45. A device for processing video data, comprising a processor and a non-transitory memory having instructions thereon, wherein the instructions, when executed by the processor, cause the processor to:

performing the conversion based on the determined candidate,

46. The apparatus of claim 45, wherein a plurality of binary bits (N) are used to represent the sub-block Merge index.

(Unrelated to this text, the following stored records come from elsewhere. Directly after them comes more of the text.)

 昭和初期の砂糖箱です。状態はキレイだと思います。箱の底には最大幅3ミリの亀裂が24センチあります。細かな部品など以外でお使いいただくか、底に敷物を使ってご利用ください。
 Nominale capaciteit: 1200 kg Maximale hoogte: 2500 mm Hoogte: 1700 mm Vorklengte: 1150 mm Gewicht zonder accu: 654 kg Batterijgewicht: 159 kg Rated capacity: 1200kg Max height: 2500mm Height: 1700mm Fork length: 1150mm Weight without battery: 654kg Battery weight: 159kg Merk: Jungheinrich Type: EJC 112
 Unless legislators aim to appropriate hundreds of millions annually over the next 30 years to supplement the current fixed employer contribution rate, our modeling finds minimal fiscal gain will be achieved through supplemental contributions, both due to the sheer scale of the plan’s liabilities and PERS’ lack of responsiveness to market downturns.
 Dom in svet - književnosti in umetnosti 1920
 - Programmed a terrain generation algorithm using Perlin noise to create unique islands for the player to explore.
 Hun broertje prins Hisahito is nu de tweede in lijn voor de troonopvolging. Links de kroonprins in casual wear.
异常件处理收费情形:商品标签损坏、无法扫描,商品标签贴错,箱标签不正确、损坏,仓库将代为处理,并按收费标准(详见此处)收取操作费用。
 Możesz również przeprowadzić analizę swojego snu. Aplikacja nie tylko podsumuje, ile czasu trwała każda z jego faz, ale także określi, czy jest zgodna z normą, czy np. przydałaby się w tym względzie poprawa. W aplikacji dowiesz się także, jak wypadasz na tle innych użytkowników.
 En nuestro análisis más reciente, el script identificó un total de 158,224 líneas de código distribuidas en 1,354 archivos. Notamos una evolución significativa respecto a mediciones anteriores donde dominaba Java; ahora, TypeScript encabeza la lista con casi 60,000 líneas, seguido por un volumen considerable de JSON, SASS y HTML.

47. The apparatus of claim 46, wherein a first number (L) of the plurality of bits is context-coded, and wherein a second number (N-L) of bits is bypass-coded.

48. The apparatus of claim 47, wherein L = 1.

49. A non-transitory computer-readable storage medium storing instructions that cause a processor to:

determining whether a reference picture of a particular neighboring block A1 is a collocated picture of the current block, the collocated picture being different from a current picture including the current block; if the reference picture of the specific neighboring block A1 is a collocated picture of the current block, setting the temporal motion information to the specific motion information associated with the specific neighboring block A1 without checking any other neighboring block, and

performing the conversion based on the determined candidate,

50. The non-transitory computer readable recording medium of claim 49, wherein a plurality of binary bits (N) are used to represent the sub-block Merge index.

51. The non-transitory computer readable recording medium of claim 50, wherein a first number (L) of the plurality of bits is context-coded, and wherein a second number (N-L) of bits is bypass-coded.

52. A method of storing a bitstream of video, comprising:

constructing a sub-block motion candidate list based at least on the at least one sub-block motion information;

determining candidates from the sub-block motion candidate list based on sub-block Merge indexes included in the bitstream;

generating the bitstream based on the determined candidates; and

The bit stream is stored in a non-transitory computer readable recording medium,

53. An apparatus in a video system comprising a processor and a non-transitory memory having instructions thereon, wherein the instructions, when executed by the processor, cause the processor to implement the method of any of claims 5 to 44, 52.

54. A non-transitory computer readable storage medium storing computer readable instructions, wherein the computer readable instructions when executed by a computer implement comprises instructions for performing the method of any one of claims 4 to 44, 52.